News last week that a cyber attack at a third-party firm that performs background checks for U.S. government employees had compromised data of at least 25,000 bureaucrats is just the latest illustration of how attackers can gain tremendous information by going after contractors doing work for governments.
That’s one reason why, as Forbes.com reports, increasing security rules and regulations in Washington that contractors have to meet are straining IT and other outsourcing firms hired to do work for the federal government.
And it’s not only south of the border. John Proctor, vice-president of cyber-security at Montreal-based CGI Group Inc., one of the biggest IT consulting and integration companies in the world, to us it’s happening here too — but not on the same scale.
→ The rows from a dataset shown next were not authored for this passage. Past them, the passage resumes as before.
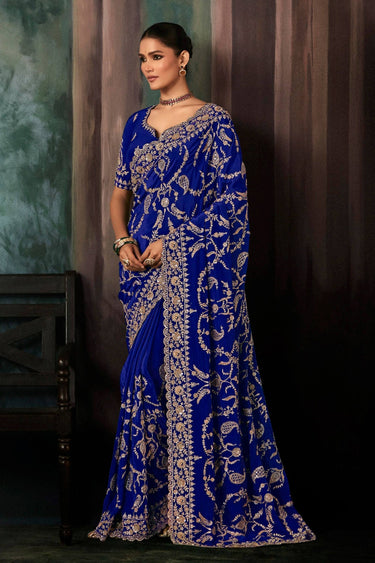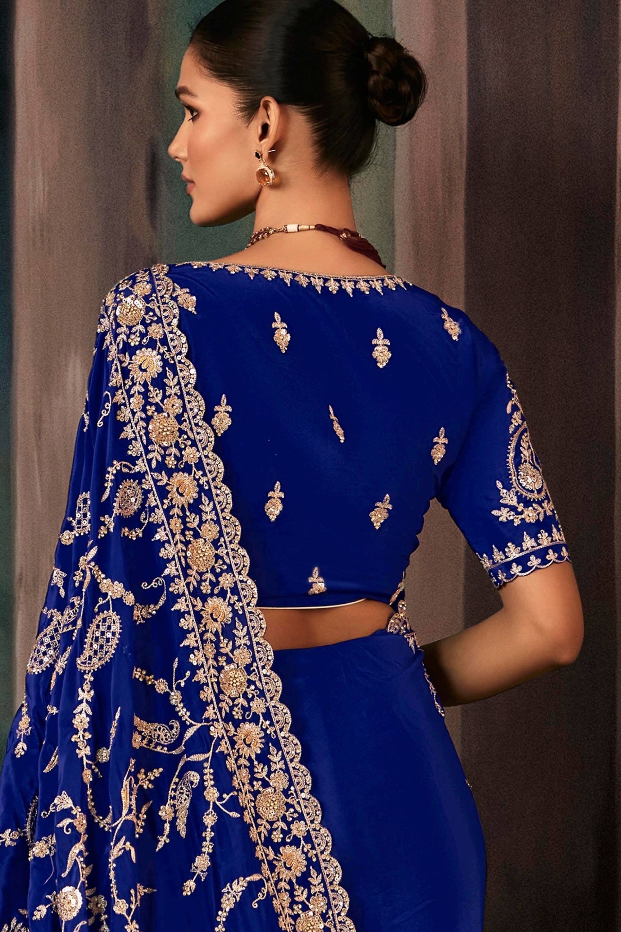 Embroidered Fancy Fabric Blue Wedding Wear Saree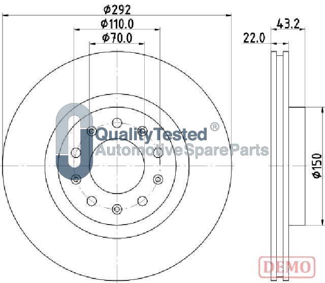 брой на дупките: 5вид на спирачния диск: вентилиранвид на спирачния диск: перфориранвисочина: 43,2mmвъншен диаметър: 292mmвътрешен диаметър: 139mmдебелина на спирачния диск: 22mmДиаметър на кръговата стъпка Ø: 110mmмин. дебелина: 20mmмярка на резбата: 16,7повърхност: галванизиранстрана на монтаж: задна остегло: 6,2kgцентриращ диаметър: 70mm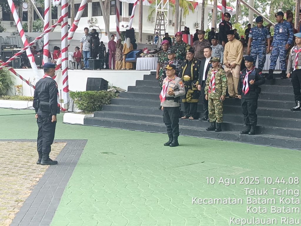Acara berlangsung khidmat dengan dihadiri oleh jajaran Forkopimda, di antaranya Wali Kota Batam Dr. Amsakar Achmad, S.Sos., M.Si., Dansat Brimob Polda Kepri Kombes Pol Arif Dody Suryawan, S.I.K., M.Si., perwakilan Danlantamal IV Batam, Danlanud Hang Nadim, Dandim 0316 Batam, anggota DPRD Kota Batam, tokoh adat Melayu, organisasi kepemudaan, hingga perwakilan instansi vertikal. Kehadiran para pemimpin daerah ini menjadi simbol kuatnya sinergi dalam menjaga persatuan bangsa.
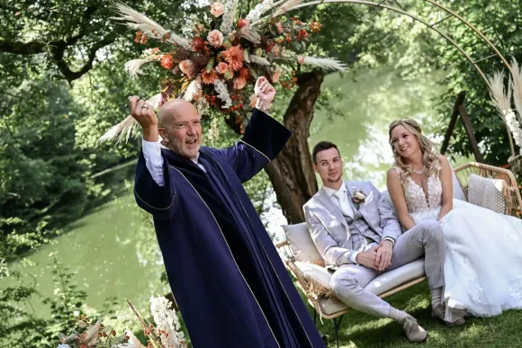 Ronald is professioneel, zoekt interactie met het publiek, en weet de gevoelige snaar te raken. Van het belangrijkste moment van je bruiloft, de ceremonie, maakt hij een onvergetelijk moment: het was een genot om naar zijn speech te mogen luisteren. Onze liefde heeft hij weten om te toveren in een speech die ook nog ruimte overliet voor improvisatie: een genot om naar te luisteren en voor ons een huwelijksceremonie om voor altijd te koesteren.

What it means is if you want to be hired by either government your firm better have a strong cyber security program. For example, Proctor said CGI — which does a lot of business in Washington — has to have an insider threat detection program to do be hired by Uncle Sam.
Given the number of foreign attacks Ottawa says it is undergoing, one question is whether Ottawa will follow Washington’s lead.
Next month, Forbes reports, the Pentagon will issue a new rule that requires U.S. defence contractors to report cybersecurity breaches, and give the department access to their networks to investigate attacks.
“Contractors must navigate a thicket of inconsistent rules and standards issued by different agencies that define key cybersecurity concepts in contradictory ways,” the article says. They also face compliance obligations even though the Federal Government does not always clarify what specific cybersecurity safeguards are actually required to meet them.”
Proctor, who is leads the Canadian security practice and is responsible for CGI’s nine managed security data centres around the world, said “there already is a fairly robust clearance process for contractors who are working on classified contracts” for Ottawa.
“Some of the issues the Forbes article talks about, like different departments having slightly different (security) systems we still see here in Canada. But this is because some government departments are more sensitive than others. But I haven’t seen any specific changes to that since the events in the U.S.” (meaning the 9/11 attack).
“The Canadian system is as robust but is more consistent, I get the impression, than the U.S. is.”
CGI hasn’t seen evidence yet of any attackers trying to get to its government customers through its systems, he added. That may be because often on contracts the staffer works at the government site and the CGI system isn’t involved.